Tools for Combining Data Across IPUMS Global Health Surveys

By Miriam King, Devon Kristiansen, and Anna Bolgrien

IPUMS Global Health includes integrated data from three international health surveys: Demographic and Health Surveys (IPUMS DHS), Multiple Indicator Cluster Surveys (IPUMS MICS), and Performance Monitoring for Action (IPUMS PMA). All three surveys are nationally representative, primarily focus on low- and middle-income countries, and address issues related to the health and well-being of women and young children. These commonalities make combining integrated data across these data collections appealing. For example, as Figure 1 shows, IPUMS DHS and MICS cover different countries, potentially extending the geographic scope of a study. Researchers can also combine data for those countries included in both IPUMS DHS and MICS to provide additional observation points for time-series analyses.

Figure 1: Countries covered by IPUMS DHS and IPUMS MICS

World map with the countries included in IPUMS MICS and IPUMS DHS shaded in

Researchers who want to carry out cross-survey analyses face practical challenges. IPUMS imposes consistent variable names and codes within one kind of survey (DHS, MICS, or PMA); harmonized variable names and codes differ between these surveys. IPUMS users must make separate customized data files from each database and merge those files. And subtle differences in question wording, skip patterns, geographic boundaries, and sampling procedures—such as MICS’ taking reports on child health from caretakers other than the biological mother—can introduce inconsistencies and inadvertent errors.
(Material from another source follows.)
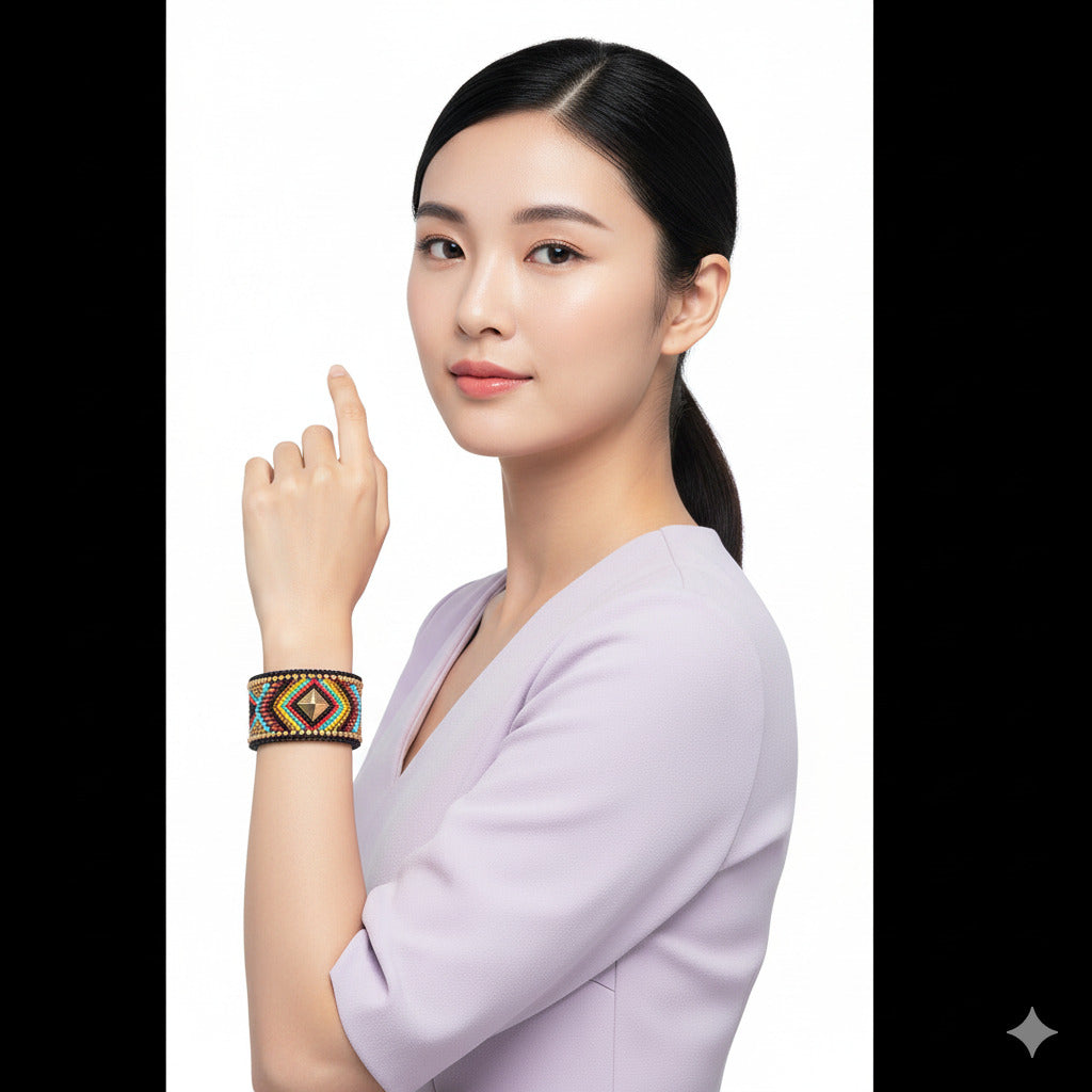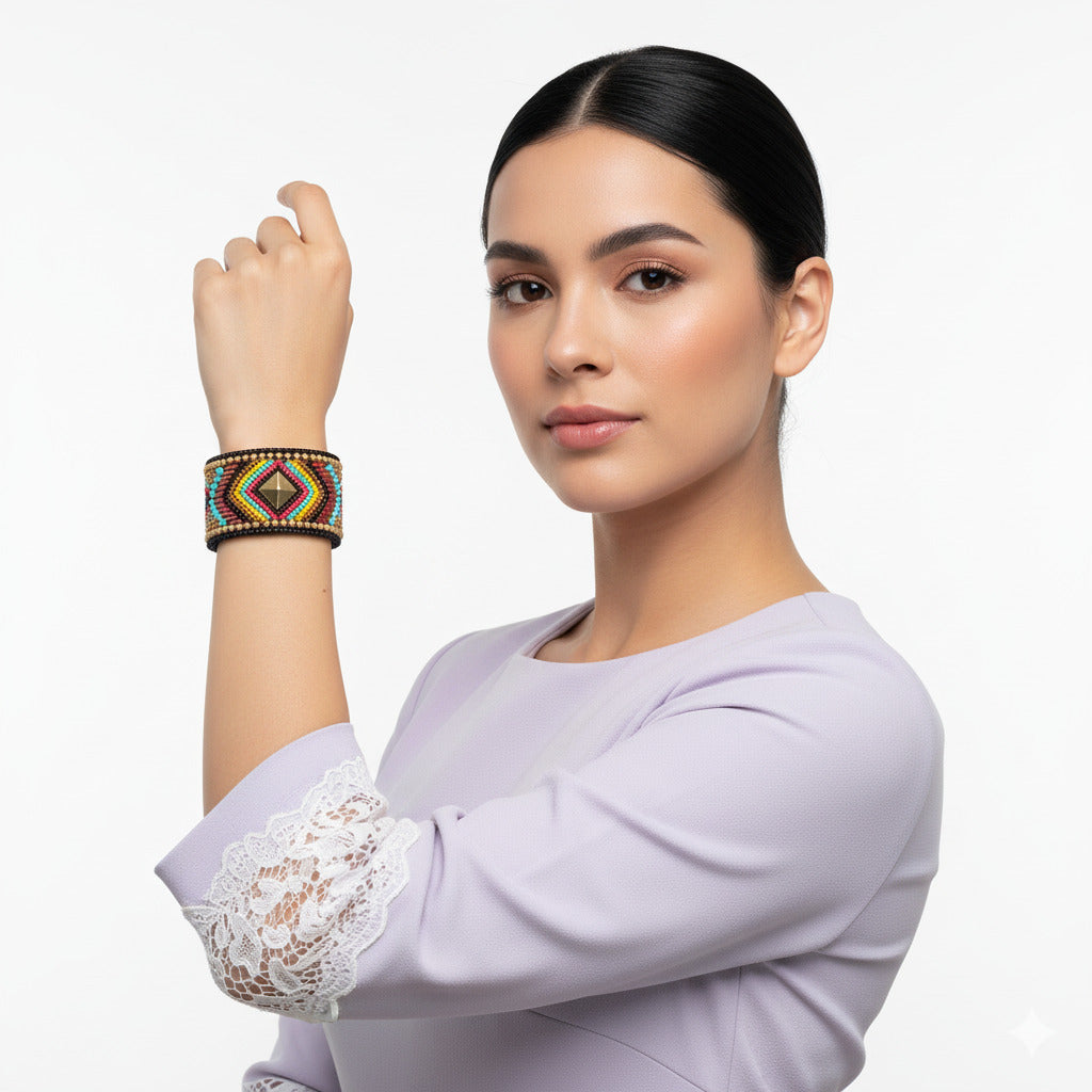 Colorful Bohemian Boho Seed Bead Loom Bracelet, Ethnic Large Cuff Bracelets For Women FBR1008

Over 95 percent of surveyed IPUMS Global Health users want guidance on combining data across the three surveys, and IPUMS staff are addressing that demand. First, we are offering new interoperable Global Health (_GH) variables with the same variable names and codes in IPUMS DHS, IPUMS MICS, and IPUMS PMA. While harmonized variable codes in IPUMS usually retain all detail across samples, the Global Health variables recognize broad categories (e.g., never married/currently in union/formerly in union) or yes/no responses. Our initial Global Health variables relate to women and households, but we will extend the number and scope of these variables. Learn about using the interoperable Global Health variables here, and email ipums@umn.edu to suggest other topics for us to prioritize when adding Global Health variables.

Second, we are sharing general guidelines about pitfalls and solutions for conducting cross-survey-type research using IPUMS data. An earlier IPUMS blog post laid out some of these issues using indicators of intimate partner violence as an example. On March 19, 2025 at 10:00am CST, we will offer a webinar on “Challenges and Solutions to Combining Data from IPUMS Global Health Surveys.” Register here to join us at the webinar and bring your questions, or view the webinar at your convenience at the IPUMS Tutorials page afterwards.

While combining data across global health surveys requires additional recoding work, IPUMS simplifies that work in two ways. First, it is easier to combine two sets of integrated codes than to recode data from multiple surveys that all have their own distinct codes. Second, IPUMS’ online variable-specific documentation on question wording, universes (to whom the question applies), and response categories makes it easy to see subtle differences—not only between samples within one survey type, but also between samples across survey types.

For researchers who want to study many countries across long time periods, combining data across the IPUMS Global Health Surveys is worth the effort. Consider Figure 2, which shows, for selected Sub-Saharan countries, the prevalence of improved sanitation facilities over time. Without data from all three Global Health Surveys, the time series would be more sparse and less informative. Additional research examples with be shown in the upcoming webinar.

Figure 2: Percent of households lacking toilet facilities in selected Sub-Saharan countries

Line graph that shows the percent of households lacking toilet facilities in selected Sub-Saharan countries including Burkina Faso, Core d'Ivoire, Ethiopia, Kenya, Uganda, and Zimbabwe. Data points correlate to data from DHS, MICS, and PMA and shows an overall trend of the percentage of households lacking toilet facilities declining.